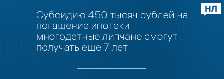450 тысяч на погашение ипотеки многодетные липчане смогут получать еще 7 лет
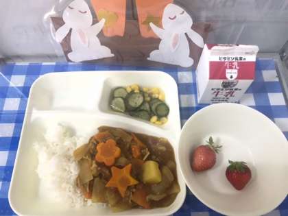 今日の給食は、ポークカレーライス、きゅうりとコーンのサラダ、いちご、牛乳です。カレーライスにはラッキーにんじんが入っていました。いちごは、長崎県産の「恋みのり」という品種です。2016年に出願登録されたばかりの新しい品種だそうです。粒の大きいものが多く、香りが豊かなことが特徴です。子ども達は、いちごをとても貴重だと思っているようで、大切に大切に食べていました。
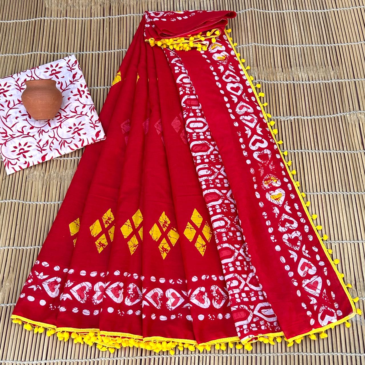 Printed Pure Cotton Mulmul Saree PomPom Lace
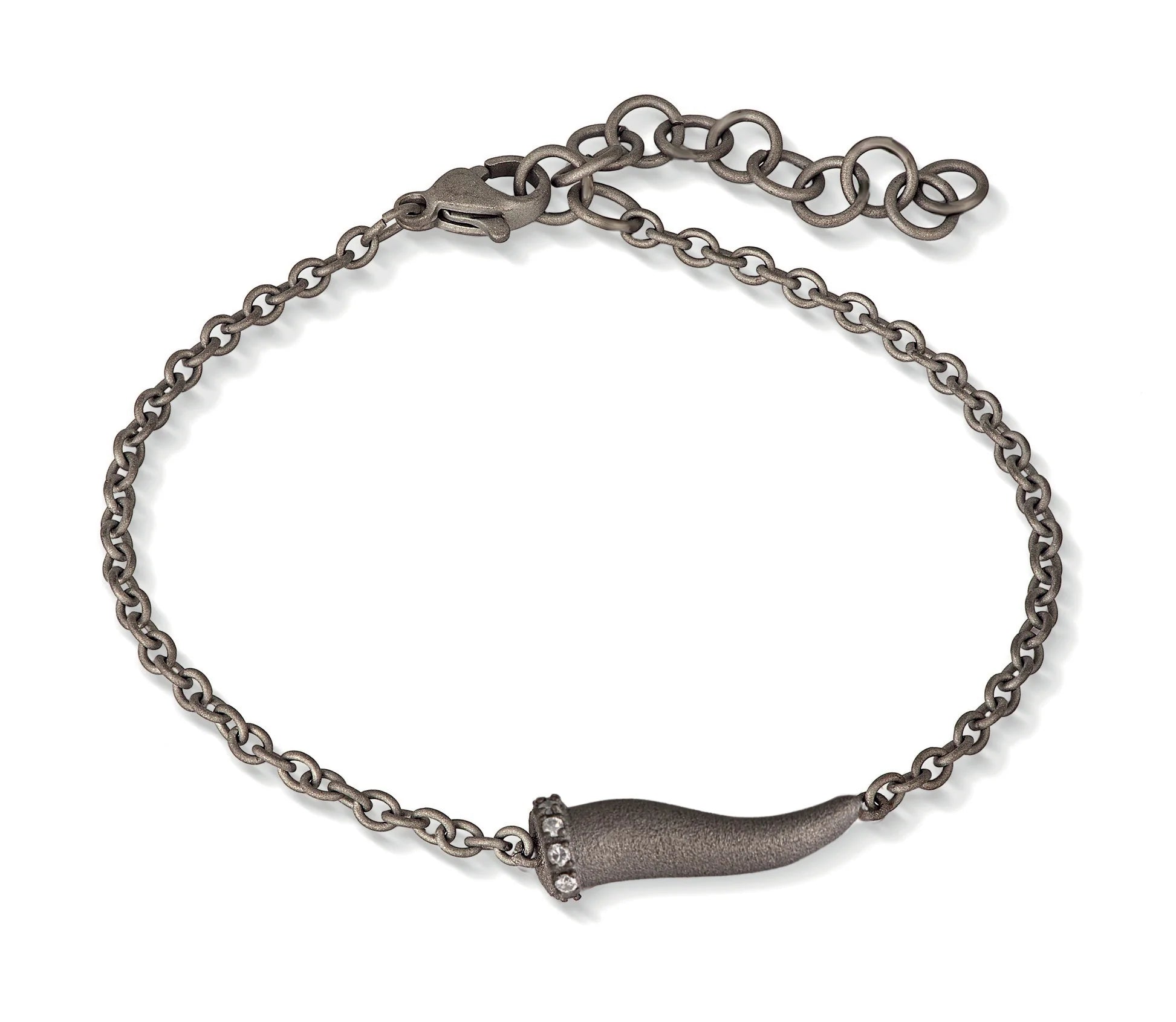 MANO J - BRACCIALE TITANIO CON CORNO TITANIO E DIAMANTI BIANCHI
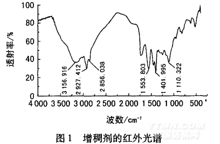 按上述優(yōu)化工藝條件合成增稠劑,并進行紅外光譜分析,結(jié)果如圖1所示。
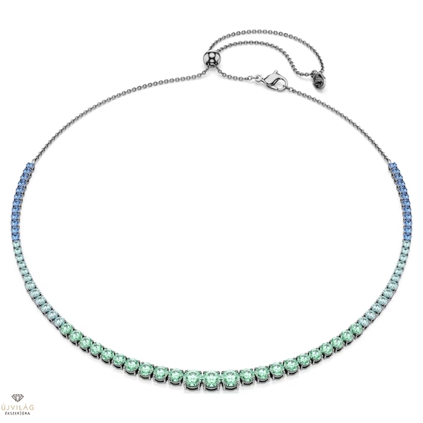 Az ikonikus Matrix nyakláncnak új dimenziót kölcsönző ruténiumbevonatú darab különböző méretű és árnyalatú kristályok színátmenetes sorát vonultatja fel. A kerek metszésű kristályokból álló ragyogó szál zöld és kék árnyalatokban pompázik, magával ragadó összhatást keltve. Ez a nyaklánc állítható a tökéletes illeszkedés érdekében, és a hozzáillő fülbevalóval párosítva teljessé teszi a megjelenést. Méretek: Hossz (minimum - maximum): 23 - 48 cm. Szélesség: 0.5 cm Méret: 23-48 cm

■ Exercise directions
Starting with the line that contains "按上述優(yōu)化工藝條件", copy every line word for word through the end of the listing above, but leave out the pictures.

■ The answer
 按上述優(yōu)化工藝條件合成增稠劑,并進行紅外光譜分析,結(jié)果如圖1所示。
 Az ikonikus Matrix nyakláncnak új dimenziót kölcsönző ruténiumbevonatú darab különböző méretű és árnyalatú kristályok színátmenetes sorát vonultatja fel. A kerek metszésű kristályokból álló ragyogó szál zöld és kék árnyalatokban pompázik, magával ragadó összhatást keltve. Ez a nyaklánc állítható a tökéletes illeszkedés érdekében, és a hozzáillő fülbevalóval párosítva teljessé teszi a megjelenést. Méretek: Hossz (minimum - maximum): 23 - 48 cm. Szélesség: 0.5 cm Méret: 23-48 cm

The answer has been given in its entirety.